Circle of Fifths

circle_of_fifthsIn my long guitar history, for the most part, I wasn’t that worried about music theory. I figured… if Angus Young didn’t need it… neither did I. But, as always, the cute little, unassuming uke has led me down this new and exciting path. I think the uke is so foundational and such a simple tool that it gets out of the way and allows you to focus more on complex concepts. 

So Circle of Fifths… I had heard of the circle of fifths before but I stayed away from doing any digging on it. I think I thought of it as some big complex scary deep thing that would take a long time to figure out and use. Maybe you do need some depth to really understand why it is what it is but it’s surprisingly simple to use.

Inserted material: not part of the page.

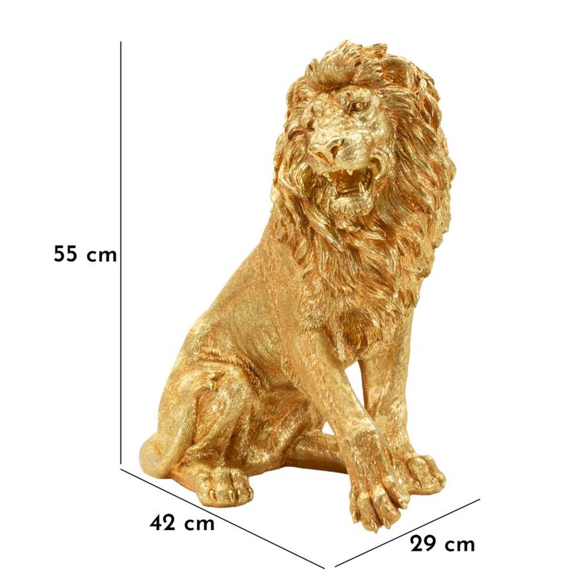 | Descrizione | Fiero e attento, il Leone Shant seduto trasmette forza e maestosità anche nella quiete. Le sue linee eleganti e la finitura dorata catturano lo sguardo, raccontando una storia di orgoglio, protezione e bellezza senza tempo. |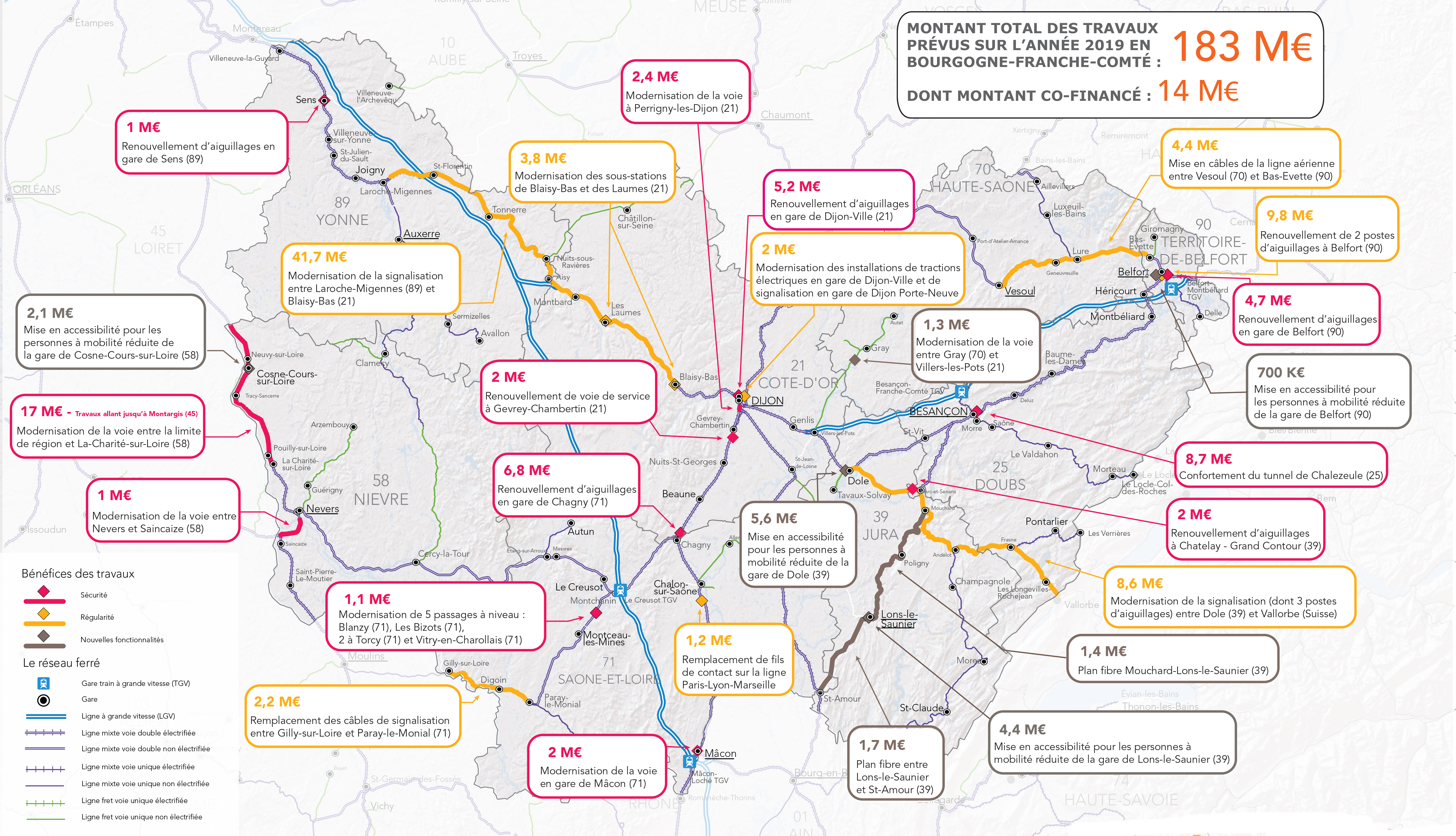 De son côté, la Région Bourgogne-Franche-Comté va concentrer ses efforts financiers dans la mise en accessibilité pour les personnes à mobilité réduite de quatre gares : Dole (5,6 M€), Lons-le-Saunier (4,4 M€), Cosne-sur-Loire (2,1 M€) et Belfort (700 K€). Pour chaque gare, la Région apportera 25% de financement, soit 3,2 M€.

The circle of fifths is a multi tool and there are a lot of things you can do with it. To me, the coolest thing it does is help you compose riffs. You can use it to do this very easily. Basically, pick a chord on the diagram below, and the 5 adjacent chords, outer and inner rings, are the chords that sound good with it. It’s that easy. Write riffs that include those 6 chords and they’ll sound good. Remember these are baseline chords so you can interchange G and G7 etc.

circle_of_fifths

The circle of fifths is a good tool and like most tools you have to be careful of getting too crutchy with it or you risk sounding like everyone else who gets too crutchy with it. Also tool rhymes with rule and the circle of fifths is a good rule (of thumb) and now that you know the rule you can break it.